Честно говоря, у меня не было и нет ответа на эти вопросы. Но вначале я вообще не мог понять, почему американцы меня об этом спрашивают. В нашей стране, с точки зрения иностранцев, есть много непонятного, но, к сожалению, большинство этих непонятных вещей не поддается объяснению. По крайней мере, я не могу их объяснить. Почему в Японии, которая считается одной из самых богатых стран мира, распространены случаи кароси – смерти от переработки? Почему отнюдь не умирающие от голода японские школьницы встречаются за деньги с мужчинами? Почему никто из японцев не жалуется на тансинфунсин – абсурдную командировочную систему, когда сотрудник ради интересов компании обязан бросить семью и уехать в длительную – иногда многолетнюю – командировку?
Фрэнк, не отрываясь, смотрел на баттинг-центр. «Видно, хочет битой помахать», – подумал я и сказал:
– Может, попробуешь?
С непонимающим видом Фрэнк взглянул на меня и как-то неопределенно кивнул.
Внизу располагались игровые автоматы. По железной лестнице мы поднялись наверх. Пространство, освещенное флуоресцентными лампами, было огорожено проволочной сеткой и поделено на семь площадок. На этом ограждении в нескольких местах висели таблички с надписью: «Опасно! Сопровождающих просим не заходить в зону работы автоматов». Напротив каждой площадки находился специальный автомат, «стреляющий» мячами. Площадки отличались одна от другой только скоростью подачи мяча. С левого края был расположен самый мощный автомат: со скоростью мяча 135 км/ч. А справа размещался самый слабый – мяч вылетал из него со скоростью 80 км/ч. На площадке мог находиться только один человек. Так что сопровождающие должны были ждать за проволочным забором.
Кроме нас в баттинг-центре были еще трое. Пьяная парочка и молодой парень в спортивном костюме, который молча отбивал один за другим прилетающие мячи. Что касается парочки, то мужчина стоял на площадке с битой в руках, а женщина ждала за забором и активно болела. Перед каждым ударом она выкрикивала: «Даешь хоум-ран!21» Но ее пьяный партнер, с трудом стоявший на ногах, большей частью просто не попадал по мячу. «Не сдавайся! Не сдавайся!» – с серьезным лицом продолжала выкрикивать женщина.
Не знаю, кого они пытались победить.
Пространство за проволочным забором было самой обычной крышей, наподобие захолустного полустанка продуваемой со всех сторон ветром. Дежурный, развалившись на стуле, спал в маленькой будке, типа тех, что стоят при въезде на платную автостраду. Ему, похоже, было тепло – у стены в керосиновой печке, превращаясь в оранжевое пламя, сгорал керосин. Сверху на печку был водружен металлический чайник. Спящий был одет в футболку. Снаружи, по другую сторону стены, которую изнутри подогревала печка, на развернутой картонной коробке лежал бомж. Бомж читал какой-то еженедельник, держа в руке пластиковый стаканчик из-под моментальной лапши.

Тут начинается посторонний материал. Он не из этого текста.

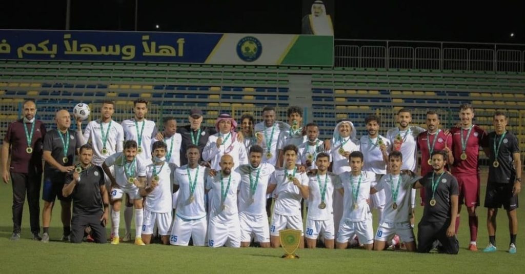The second division championship, coach Zaluar said, is divided into two groups of 14 teams each. In its group, Al Okhdood became a champion on April 9. The 1st and 2nd place of each group got into the first division.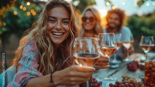 Young people sitting at bar table toasting wine glasses in vineyards garden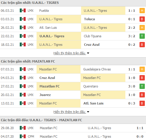 Phong độ và thống kê đối đầu gần đây Tigres UANL vs Mazatlan: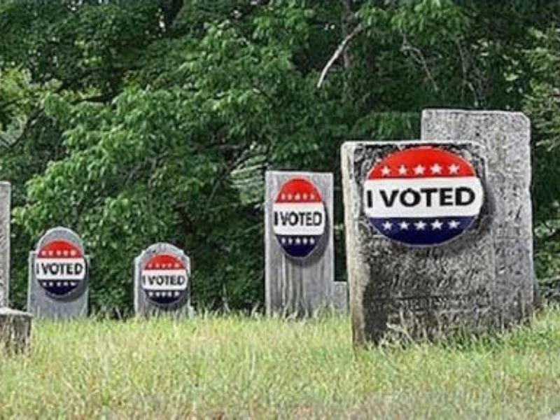 Việc điền vào lá phiếu tên của một người đã chết là hành vi gian lận và đã dẫn đến các vụ truy tố ở những nơi khác, gần đây nhất là ở Long Island, nơi một cử tri bị buộc tội giả mạo tên của người mẹ đã chết của mình trên một lá phiếu vắng mặt.

– В Америке таких мест нет, – наконец сказал Фрэнк, а я подумал, что и в Японии таких мест почти нет.
Стена с вмонтированными в нее автоматами была погружена во тьму. Только на двух работающих механизмах горели маленькие зеленые лампочки. В перерывах между песнями Юки Учиды, которые лились из допотопного динамика, по форме напоминавшего громкоговоритель, был слышен громкий щелчок пружины после каждого выстрела и лязг конвейера, который подавал рассыпанные по полю мячики к автоматам.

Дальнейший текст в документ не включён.